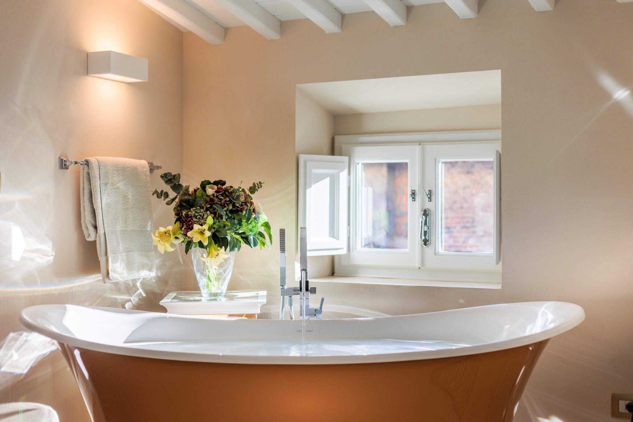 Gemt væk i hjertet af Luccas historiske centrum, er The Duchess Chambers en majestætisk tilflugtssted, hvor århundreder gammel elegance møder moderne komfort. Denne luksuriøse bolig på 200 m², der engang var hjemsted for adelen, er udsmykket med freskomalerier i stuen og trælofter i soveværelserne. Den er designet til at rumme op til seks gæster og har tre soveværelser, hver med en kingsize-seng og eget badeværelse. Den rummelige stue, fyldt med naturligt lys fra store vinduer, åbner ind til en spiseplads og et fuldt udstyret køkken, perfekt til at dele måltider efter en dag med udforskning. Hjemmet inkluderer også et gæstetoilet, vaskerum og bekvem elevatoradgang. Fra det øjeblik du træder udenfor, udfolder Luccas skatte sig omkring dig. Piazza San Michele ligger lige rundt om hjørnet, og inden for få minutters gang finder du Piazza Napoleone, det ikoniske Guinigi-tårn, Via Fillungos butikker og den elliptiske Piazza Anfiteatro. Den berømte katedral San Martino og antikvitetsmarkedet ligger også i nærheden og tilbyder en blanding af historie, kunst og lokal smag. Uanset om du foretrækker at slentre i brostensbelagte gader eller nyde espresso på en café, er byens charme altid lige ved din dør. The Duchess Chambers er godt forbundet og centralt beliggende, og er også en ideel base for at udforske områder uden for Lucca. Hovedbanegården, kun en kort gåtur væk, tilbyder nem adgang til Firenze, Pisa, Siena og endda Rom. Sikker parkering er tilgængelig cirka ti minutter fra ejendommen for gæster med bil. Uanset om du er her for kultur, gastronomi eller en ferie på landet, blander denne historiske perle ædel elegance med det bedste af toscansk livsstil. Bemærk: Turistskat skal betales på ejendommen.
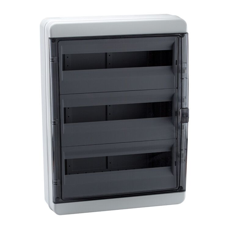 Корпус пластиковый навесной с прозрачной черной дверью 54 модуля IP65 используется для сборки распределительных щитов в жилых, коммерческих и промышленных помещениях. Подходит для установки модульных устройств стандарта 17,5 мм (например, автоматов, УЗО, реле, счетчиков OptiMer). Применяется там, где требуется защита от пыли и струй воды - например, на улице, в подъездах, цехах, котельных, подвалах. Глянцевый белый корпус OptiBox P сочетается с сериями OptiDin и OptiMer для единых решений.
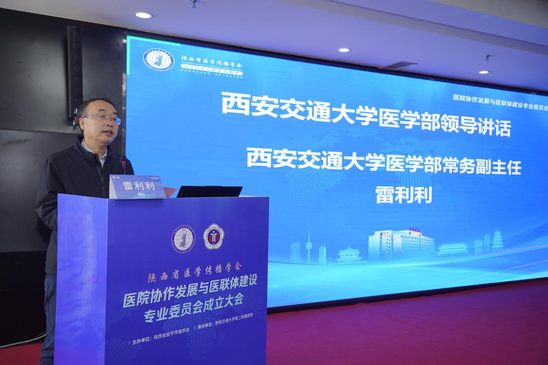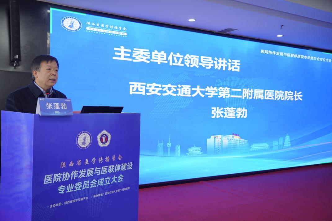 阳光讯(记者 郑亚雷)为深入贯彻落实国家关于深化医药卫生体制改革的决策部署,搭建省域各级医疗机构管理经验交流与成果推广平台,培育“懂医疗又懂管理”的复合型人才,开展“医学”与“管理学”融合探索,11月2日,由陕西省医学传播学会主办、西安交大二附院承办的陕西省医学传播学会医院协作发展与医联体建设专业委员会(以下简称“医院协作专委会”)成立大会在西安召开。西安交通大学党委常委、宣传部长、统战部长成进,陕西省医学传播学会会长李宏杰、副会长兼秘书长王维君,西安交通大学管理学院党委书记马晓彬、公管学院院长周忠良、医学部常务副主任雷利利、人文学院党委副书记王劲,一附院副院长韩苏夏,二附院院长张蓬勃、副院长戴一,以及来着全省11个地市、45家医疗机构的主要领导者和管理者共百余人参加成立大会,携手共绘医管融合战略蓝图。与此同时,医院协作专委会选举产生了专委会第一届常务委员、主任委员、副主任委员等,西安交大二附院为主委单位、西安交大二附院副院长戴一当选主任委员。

* TRY IT *
An exact copy of every line above is needed, without the images.

* RESULT OF THE TASK *
 Gemt væk i hjertet af Luccas historiske centrum, er The Duchess Chambers en majestætisk tilflugtssted, hvor århundreder gammel elegance møder moderne komfort. Denne luksuriøse bolig på 200 m², der engang var hjemsted for adelen, er udsmykket med freskomalerier i stuen og trælofter i soveværelserne. Den er designet til at rumme op til seks gæster og har tre soveværelser, hver med en kingsize-seng og eget badeværelse. Den rummelige stue, fyldt med naturligt lys fra store vinduer, åbner ind til en spiseplads og et fuldt udstyret køkken, perfekt til at dele måltider efter en dag med udforskning. Hjemmet inkluderer også et gæstetoilet, vaskerum og bekvem elevatoradgang. Fra det øjeblik du træder udenfor, udfolder Luccas skatte sig omkring dig. Piazza San Michele ligger lige rundt om hjørnet, og inden for få minutters gang finder du Piazza Napoleone, det ikoniske Guinigi-tårn, Via Fillungos butikker og den elliptiske Piazza Anfiteatro. Den berømte katedral San Martino og antikvitetsmarkedet ligger også i nærheden og tilbyder en blanding af historie, kunst og lokal smag. Uanset om du foretrækker at slentre i brostensbelagte gader eller nyde espresso på en café, er byens charme altid lige ved din dør. The Duchess Chambers er godt forbundet og centralt beliggende, og er også en ideel base for at udforske områder uden for Lucca. Hovedbanegården, kun en kort gåtur væk, tilbyder nem adgang til Firenze, Pisa, Siena og endda Rom. Sikker parkering er tilgængelig cirka ti minutter fra ejendommen for gæster med bil. Uanset om du er her for kultur, gastronomi eller en ferie på landet, blander denne historiske perle ædel elegance med det bedste af toscansk livsstil. Bemærk: Turistskat skal betales på ejendommen.
 Корпус пластиковый навесной с прозрачной черной дверью 54 модуля IP65 используется для сборки распределительных щитов в жилых, коммерческих и промышленных помещениях. Подходит для установки модульных устройств стандарта 17,5 мм (например, автоматов, УЗО, реле, счетчиков OptiMer). Применяется там, где требуется защита от пыли и струй воды - например, на улице, в подъездах, цехах, котельных, подвалах. Глянцевый белый корпус OptiBox P сочетается с сериями OptiDin и OptiMer для единых решений.
 阳光讯(记者 郑亚雷)为深入贯彻落实国家关于深化医药卫生体制改革的决策部署,搭建省域各级医疗机构管理经验交流与成果推广平台,培育“懂医疗又懂管理”的复合型人才,开展“医学”与“管理学”融合探索,11月2日,由陕西省医学传播学会主办、西安交大二附院承办的陕西省医学传播学会医院协作发展与医联体建设专业委员会(以下简称“医院协作专委会”)成立大会在西安召开。西安交通大学党委常委、宣传部长、统战部长成进,陕西省医学传播学会会长李宏杰、副会长兼秘书长王维君,西安交通大学管理学院党委书记马晓彬、公管学院院长周忠良、医学部常务副主任雷利利、人文学院党委副书记王劲,一附院副院长韩苏夏,二附院院长张蓬勃、副院长戴一,以及来着全省11个地市、45家医疗机构的主要领导者和管理者共百余人参加成立大会,携手共绘医管融合战略蓝图。与此同时,医院协作专委会选举产生了专委会第一届常务委员、主任委员、副主任委员等,西安交大二附院为主委单位、西安交大二附院副院长戴一当选主任委员。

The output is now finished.